3 Tips to Build a Multinational Corporation
Finding talent for a global reach
When I started both of my companies, Modasphere and VentureDevs, my partner and I knew we wanted both an international team base and client base. Because my co-founder and the tech half of our business, Wojtek, were located in Poland, he was able to build a network of world-class developers and tech talent there.
While everyone else was looking for developers in Silicon Valley, we went where the talent was, because we wanted to work with the best of the best.
Additionally, we knew our client base for Modasphere would mainly be split between New York and Los Angeles, with others spread across the rest of the world. This meant we needed to have “customer-success” employees to cover those time zones; that’s why we set out to grow enough to eventually cover all of our global markets. This was a great lesson for us when we started VentureDevs, because we quickly established teams in Los Angeles, New York and Poland to handle our global reach.
The challenges — and rewards of a multinational business
Building a multinational business is not without its challenges, but the rewards are worth it. Functioning in more than one place from the beginning gives startups the ability to quickly and efficiently expand to new locations, and a team that functions well remotely offers the flexibility necessary to lure in top talent. Operating globally also provides a network that expands far beyond New York or L.A., and those connections can be leveraged to improve a business and increase the value it can provide to clients.
Sold on the idea of a startup with multiple locations? Use the following strategies to build a strong foundation for your own organization:
1. Choose your location with an eye on the future.

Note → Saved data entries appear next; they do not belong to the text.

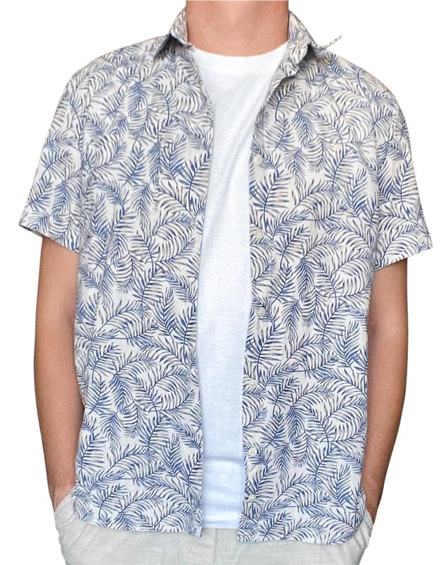 Чоловіча рубашка сорочка шведка вінтаж гавайка принт мужская льон бавовна лён котон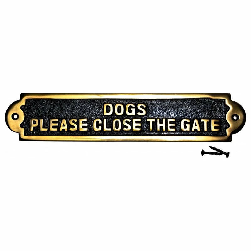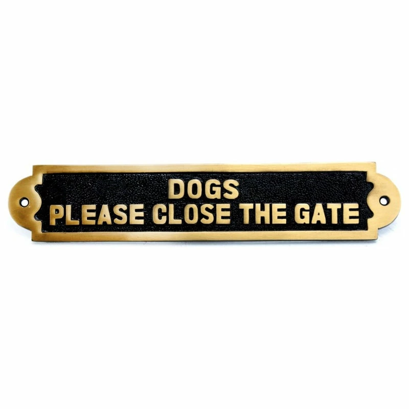 Item 17130 HEAVY DUTY SOLID BRASS – DOGS PLEASE CLOSE THE GATE – SIGN PLATE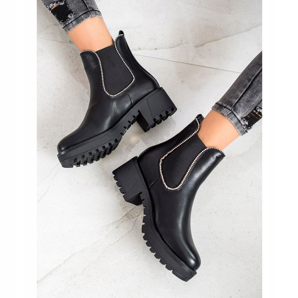 SHELOVET Čizme Chelsea s kubnim cirkonijem crna
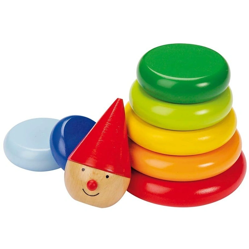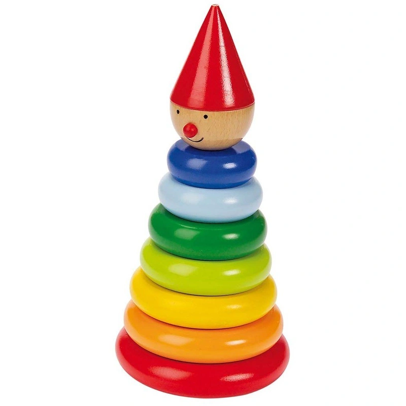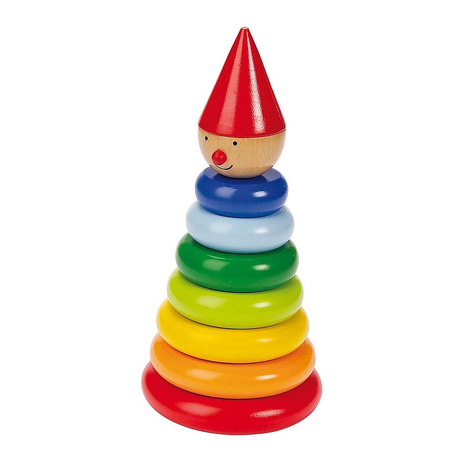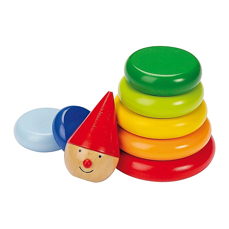 Piramida vesela din lemn ofera un mod distractiv de a invata formele, culorile, de a percepe cantitatile si relatiile de marime.Toate culorile curcubeului sunt reprezentate de cele 7 inele groase si usor de apucat..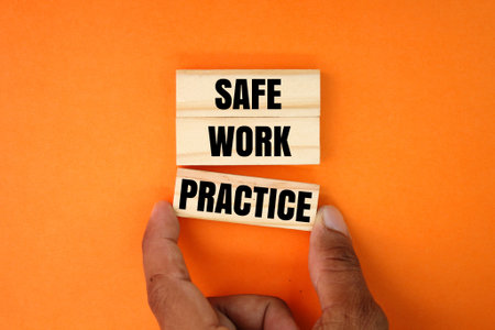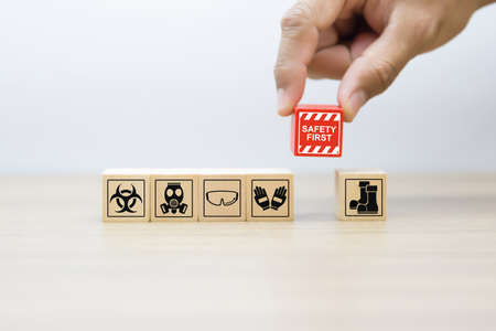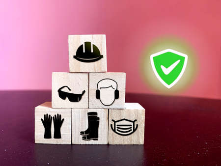wooden cubes with security icons. the concept of workplace safety Or Safety at work.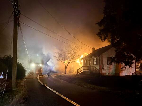 Incendio en una casa en Wading River el 20 de diciembre de 2025. Foto cortesía del Departamento de Bomberos de Wading River.
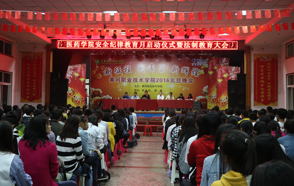 9月30日晚, 医药学院在大学生活动中心召开了安全法制教育月启动仪式暨法制教育大会。黄冈市黄州区公安局法制科陈世波警官,黄冈职院学工处副处长陈胜红老师,医药学院负责学管工作领导欧阳风雷、团总支负责人曹俊峰和全体专、兼职辅导员到会。医药学院2016级全体中职学生、各班班长、团支书、学生会团总支干部近1000名同学参加了启动仪式。会议由曹俊峰主持。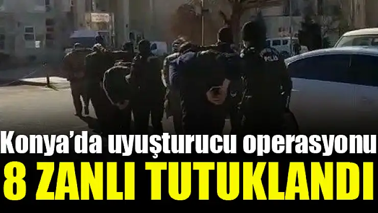 Edinilen bilgiye göre, Konya İl Emniyet Müdürlüğü Narkotik Suçlarla Mücadele Şube Müdürlüğü ekipleri uyuşturucu madde ticareti yapan kişilere yönelik çalışma başlattı. Ekipler sokak satıcılarına yönelik detaylı çalışmalar neticesinde, belirlenen adreslere operasyon düzenledi. Yapılan baskınlarda 8 kişi yakalanarak gözaltına alındı. Tespit edilen iki araç ve merkez Selçuklu ilçesi Buhara Mahallesinde iki yabancı uyruklu şahsın üzerinde yapılan aramada ise toplam 10 kilogram eroin, 355 gram uyuşturucu madde ve birçok uyuşturucu hap ele geçirildi. Operasyon kapsamında "uyuşturucu madde ticareti yapmak/nakletmek" suçlarından gözaltına alınan 8 kişi, çıkarıldıkları mahkemece tutuklanarak ceza evine gönderildi.

Think big from the beginning. Start by deciding whether you’ll be in-office, distributed or partially distributed, but prepare to be a global company from day one. San Francisco was the perfect place for Uber to launch because it had a poor cab infrastructure and was filled with tech-savvy people who regularly looked to technology to solve problems, but the company had its sights set on other locations even at the start.
Uber launched in June 2010 and quickly called the San Francisco launch a success. By December of the following year, Uber had gone through another launch phase, only this time in Paris. By then, the company had a bold plan. Instead of trickling the service into being around the globe, it set about on a rapid expansion — two new cities every month, to be exact. The company would never have achieved this pace if its founders had set their sights simply on conquering only the San Francisco market.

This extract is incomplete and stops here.